Saved data entries:
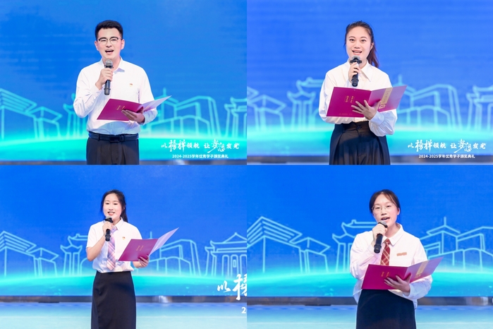 以榜样领航,让梦想发光。为树选我校新时代大学生先进典型,展现我校学子青春风采,营造积极向上、奋勇争先的学风氛围,6月13日下午,我校在雁山校区音乐学院三楼综合厅举行2024-2025学年优秀学子颁奖典礼。校党委副书记、校长孙杰远,校党委常委、副校长汤志华、沈星灿,校友企业代表、社会捐资代表出席颁奖典礼,相关职能部门负责人、各学院(部)学生工作党委副书记、全体专职辅导员、获奖班级集体、先进学子代表及学生观众累计500余人现场参会。典礼同步线上直播,吸引上万人次云端观礼。
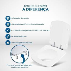 Durabilidade e Resistência: Fabricado em MDF com camadas de pintura laqueada, este assento oferece não apenas beleza, mas também conforto térmico e alta resistência. Seu acabamento impecável adiciona um toque de classe ao seu banheiro.
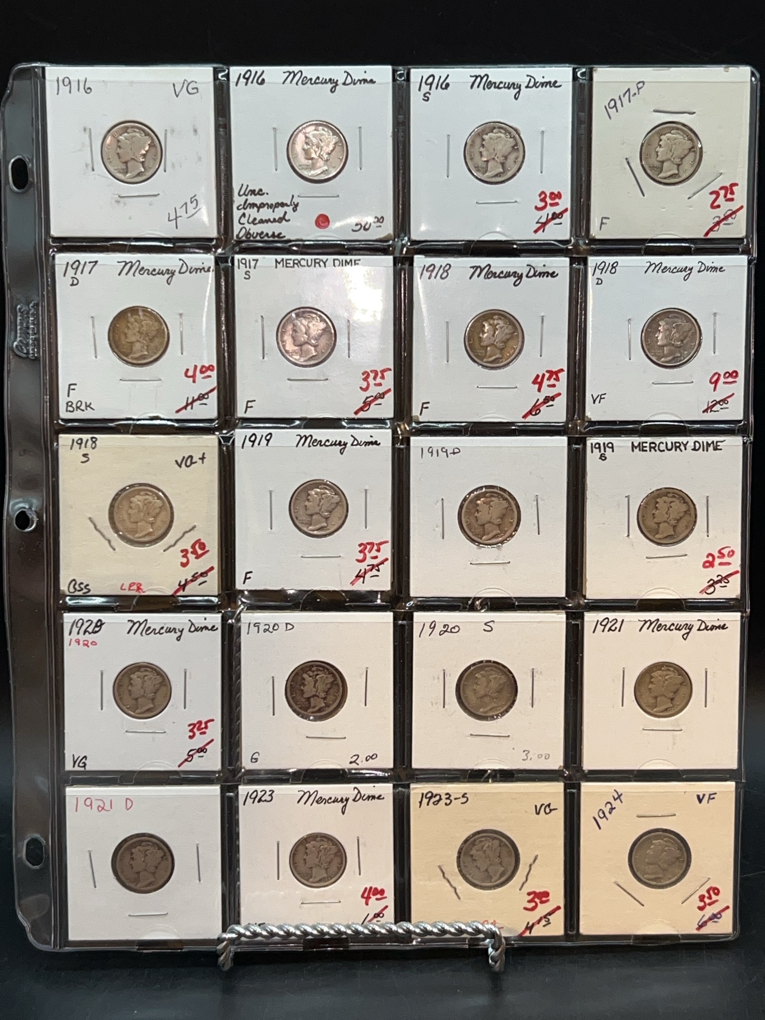 3-Ring binder of (9) sleeves containing Mercury Dimes…..please see all pics…..there are a few sleeves that are not complete full
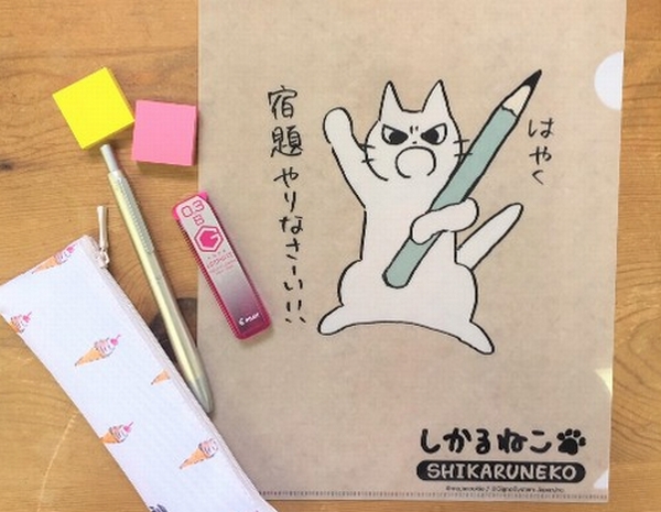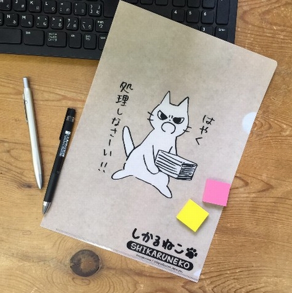 その「しかるねこ」がヴィレヴァン限定グッズになって登場。クリアファイル各540円(各税別)では、宿題や仕事の処理を急かしてくれる。
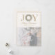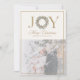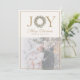 Elegant-helgdag-kort med ord JOY med en julkrans som "O" och ett anpassade-familjfoto nedan. Klassiska accenter från guld och tidlöst skript gör denna design till ett vackert sätt att sända varma julhälsningar till nära och kära. Perfekt för att dela helgdag med stil.
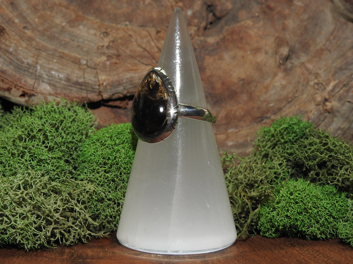 Golden Seraphinite is a rarer variety of seraphinite that includes golden to bronze chatoyant fibers within a dark matrix. Like its green counterpart, it is a form of clinochlore found in Siberia and known for its spiritual energy and layered shimmer.
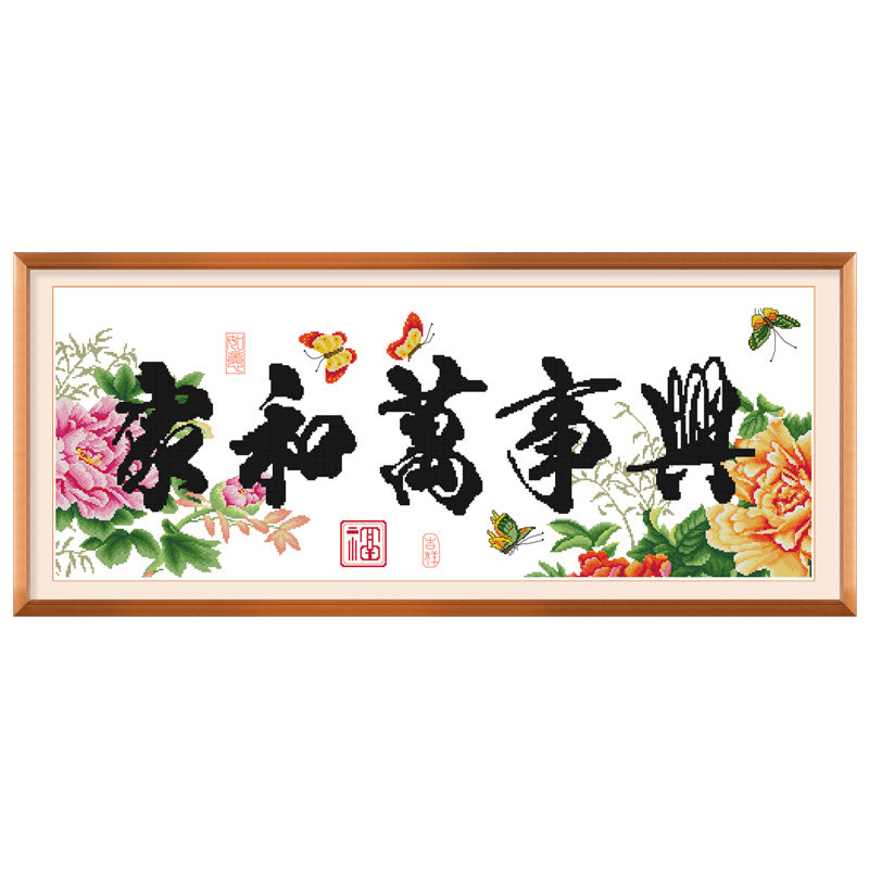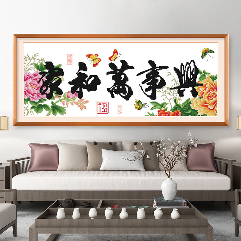 Cross embroidered 2022 new line embroidered home and masterroom flower open rich and expensive Mudan flowers Chinese wind home embroidery
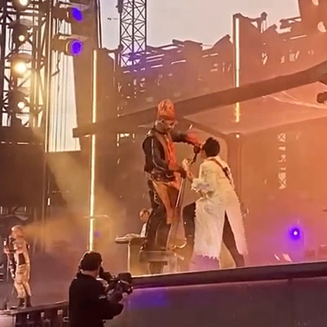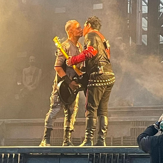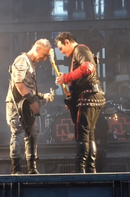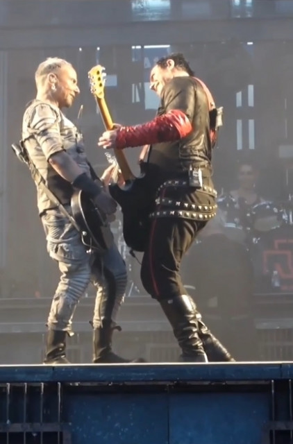 Повне МТ https://youtu.be/n1fcgxZ8_LY герр нащось спустився у підсобку. Дама традиційно сходила пограла з Оллі. Тілль, йдучи з правого флангу на центр сцени, затримався біля підставки Ріхарда, виліз на підставку і став підставляти Ріхарду свій мікрофон. Знову це виглядає мінетообразно. Ця дама і її ротик. Цей ротик був занадто активний. Якщо у дами в той день всі думки були про оральні забавки, то зрозуміло, чому на ранок у герра вигляд, наче з нього висосали всі сили, а вночі він постив поцілунки. На другому поверсі гітаристи орали йааа – причому дама орала багато разів. Відео зняте з трибуни напроти сцени, і на тих трибунах добре чути дамине йааа. Герр після її криків став бігати https://www.instagram.com/p/CfJOi64DCjx/
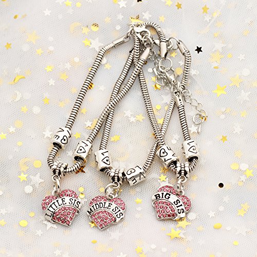 AGR8T Sorella Bangle bracciali Regali Best Friend Big Middle Little Sister Love Heart Crystal Donne Gioielli 3pcs

### ABOUT THIS EXERCISE
In the answer, include exactly the lines from the top of the entries through the line containing "Durabilidade e Resistência: Fabricado", and nothing else, not even the pictures.

### TASK ANSWER
 以榜样领航,让梦想发光。为树选我校新时代大学生先进典型,展现我校学子青春风采,营造积极向上、奋勇争先的学风氛围,6月13日下午,我校在雁山校区音乐学院三楼综合厅举行2024-2025学年优秀学子颁奖典礼。校党委副书记、校长孙杰远,校党委常委、副校长汤志华、沈星灿,校友企业代表、社会捐资代表出席颁奖典礼,相关职能部门负责人、各学院(部)学生工作党委副书记、全体专职辅导员、获奖班级集体、先进学子代表及学生观众累计500余人现场参会。典礼同步线上直播,吸引上万人次云端观礼。
 Durabilidade e Resistência: Fabricado em MDF com camadas de pintura laqueada, este assento oferece não apenas beleza, mas também conforto térmico e alta resistência. Seu acabamento impecável adiciona um toque de classe ao seu banheiro.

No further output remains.